Still it’s important not to overly romanticise these things; Willesden Green Library was not to be confused with the British Library. Sometimes whole shelves of books would be missing, lost, defaced or torn. Sometimes people would come in just to have a conversation while I bit my biros to pieces in frustration. Later I learnt what a monumental and sacred place a library can be.
I spent my adult life in libraries that make a local library look very small indeed; to some people clearly quite small enough to be rid of without much regret. But I know I never would’ve seen a single university carrel if I had not grown up living a hundred yards from the library in Willesden Green.
Local libraries are gateways not only to other libraries but to other lives. Of course I can see that if you went to Eaton or Harrow, like so many of the present cabinet, you might not understand the point of such lowly gateways or be able to conceive why anyone would crawl on their hands and knees for the privilege of entering one. It’s always been and always will be, very difficult to explain to people with money, what it means not to have money. If education matters to you, they ask, and if libraries matter to you, well why wouldn’t you be willing to pay for them if you value them? They’re the kind of people who believe value can only be measured in money. At the extreme end of which logic lays the dangerous idea that people who fail to generate a lot of money for their families cannot possible value their families the way people with money do.

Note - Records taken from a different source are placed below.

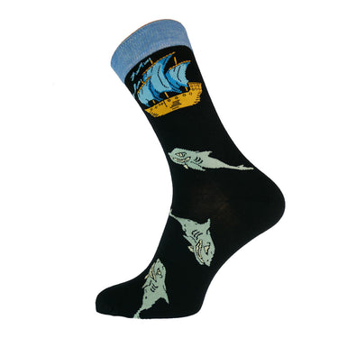 Black Bamboo Socks with sharks and ships and contrasting heel, toe and cuff.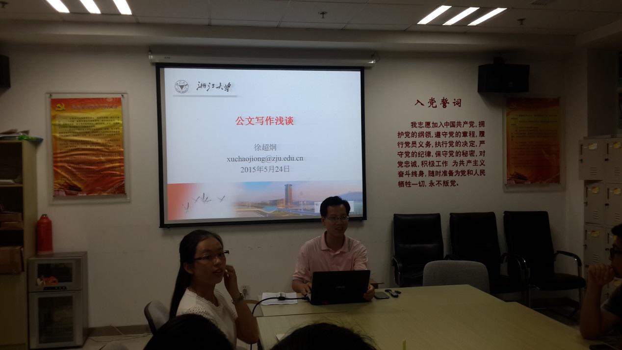 2015年6月14日晚上19:00,由浙江大学学工部现代写作中心开设的公文写作课程在紫金港校区蒙民伟楼113会议室如期开课,校党委组织部的徐超炯老师为到场学生骨干带来了一次细致深入的公文写作入门指导,大家均表示获益匪浅。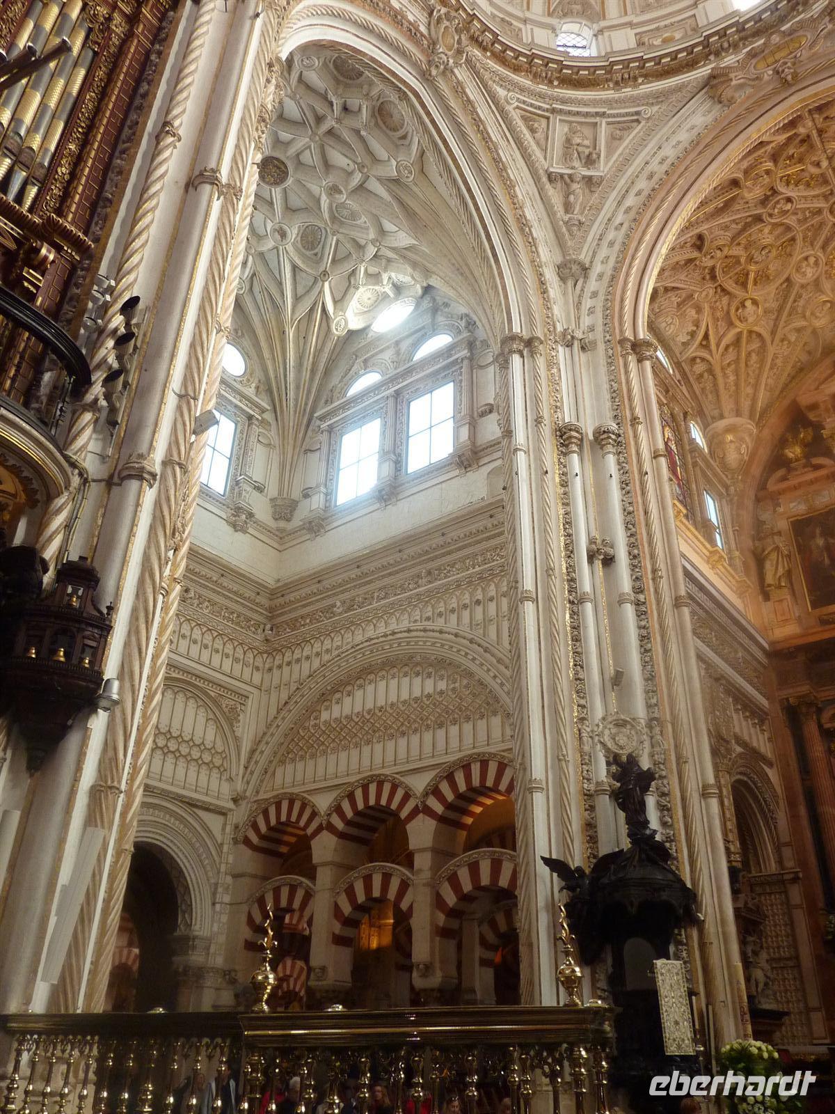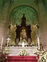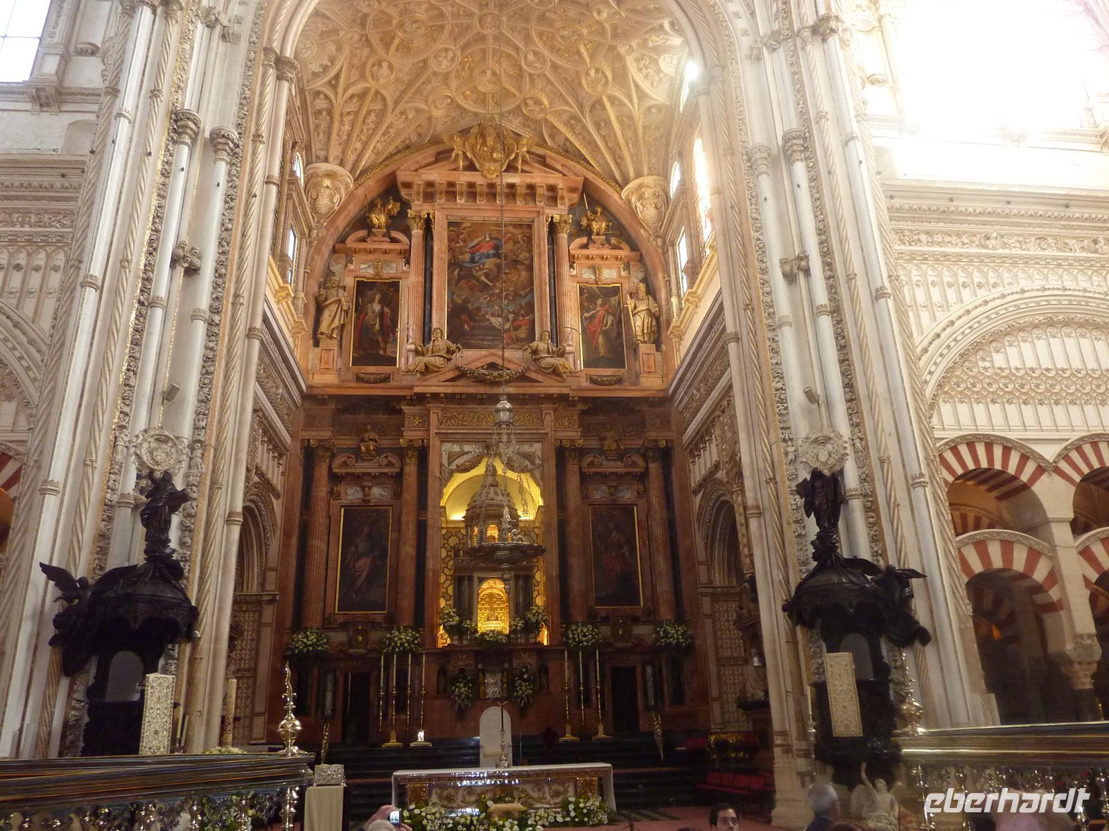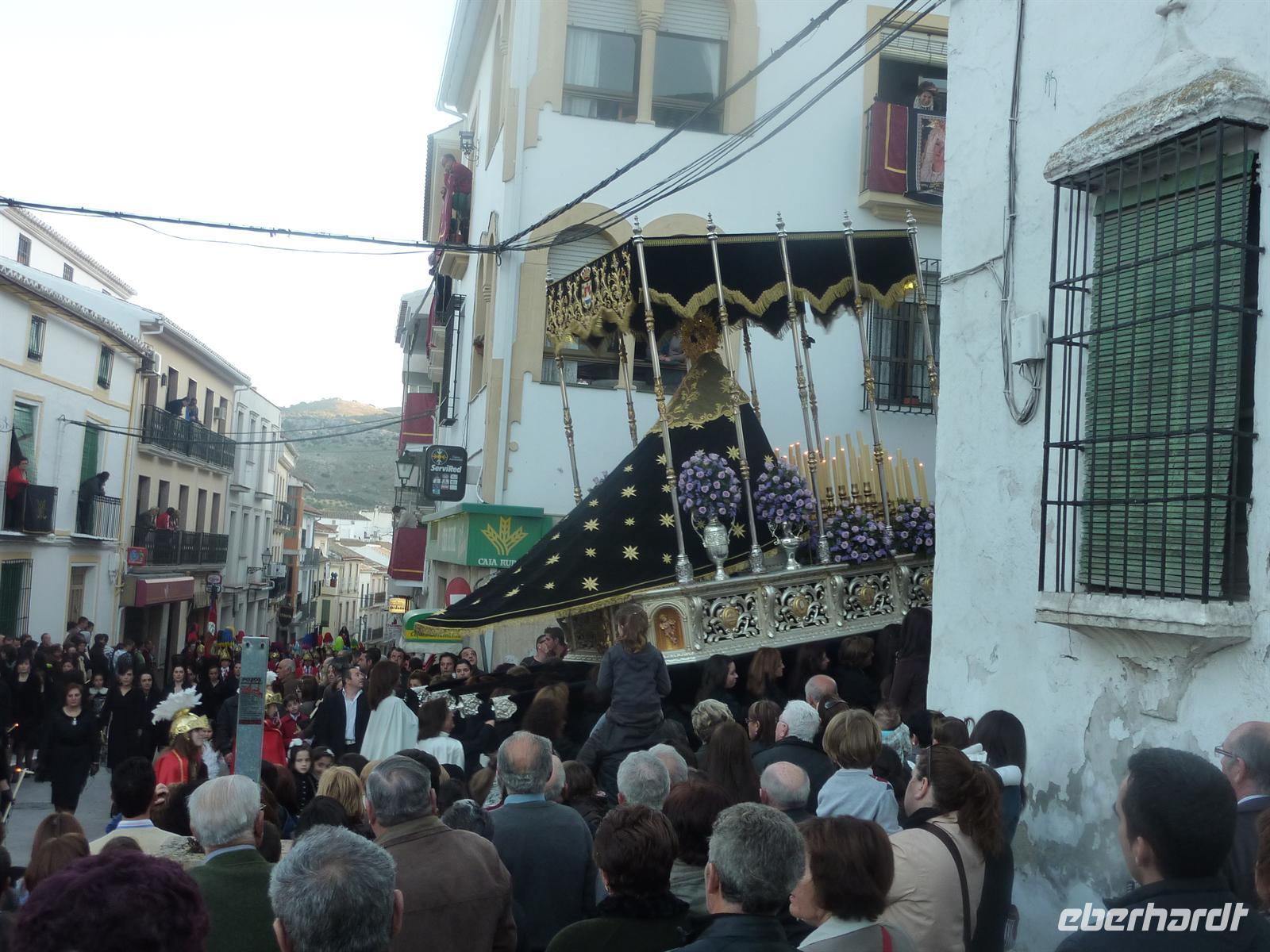 Nach einer reichlichen Stunde Fahrt erreichten wir diese geschichtsträchtige Stadt. Mit unserer netten, örtlichen Gästeführerin genossen wir noch die Stille und Leere der Stadt. Bei Sonnenschein gingen wir über die Puente Romana, welche über den größten Fluss Andalusiens, den Guadalquivir, führt, in die Altstadt hinein. Höhepunkt war der Besuch der Mezquita, eine der größten Moscheen der Welt und heutige Kathedrale. Die Schönheit , die riesigen Ausmaße und die Verbindung der maurischen, schlichten Architektur, mit der prunkvollen erhabenen katholischen Kathedrale erstaunte und beeindruckte uns sehr. Über den Orangengarten verließen wir dann die Mezquita und gingen durch das ehemalige Judenviertel mit der Blumengasse und vielen weiteren kleinen, heute mit unzähligen kleinen Bars und Geschäften besetzen Gassen. Gegen 11.30 Uhr endeten wir unseren geführten Stadtrundgang und genossen den Sonnenschein auf einer Terrasse vor einer Bar. Einige probierten hier die traditionellen Tapas aus. Nach der unfreundlichen Kassierung sind wir zur Prozession auf den Plaza Tendillas gegangen. Dort war die feierliche Prozession, der traditionelle Umzug der Bruderschaften zu Semana Santa bereits im Gange. In erster Reihe konnten wir den Festzug hautnah miterleben. Der Geruch von Weihrauch, die musikalischen Klänge und der über und über mit Gold geschmückte „Paso“ (Tragegestell mit Christusskulpturen) beeindruckte uns sehr.

My own family put a very high value on education, on bookishess. Like many people without money we relied on our public services, not as a frippery, not as a pointless addition, not as an excuse for personal stagnation, but as a necessary gateway to better opportunities. We paid our taxes in the hope that they’d be used to establish shared institutions from which all might benefit equally. We understood very well that there are people who have no need of these services, who make their own private arrangements, in health care, and education, and property, and travel, and lifestyle and have a private library in their own private houses.
Nowadays, I also have a private library in my own private house and a library in the university in which I teach. But once you’ve benefited from the use of shared institutions, you know that to abandon them when they’re no longer a personal necessity is like Wiley Coyote laying down a rope bridge between two precipices, only to blow it up once he’s reached the other side so that no one might follow.
But no matter how many individuals opt out of it, community exists in Britain. And the commons of British life will always be the greater force practically and morally. Community is a partnership between government and the people and it’s depressing to hear the language of community, the so called ‘Big Society’, being used to disguise the low motives of one side of that partnership as it attempts renege on the deal. What could be better than handing people back the power so that they might build their own schools, their own libraries? Better to leave people to the already onerous tasks of building their lives and paying their taxes. Leave the building of infrastructure to government and the protection of public services to government, that being government’s mandate and the only possible justification for its power. That the grotesque losses of the private sector are to be nationalised, cut from our schools and libraries, our social services and our health care, in short from our national heritage, represents a policy so shameful I doubt this government will ever live it down.
Perhaps it’s because they know what the history books will make of them, that our politicians are so cavalier with our libraries. From their point of view, the fewer places you can find a history book these days, the better.”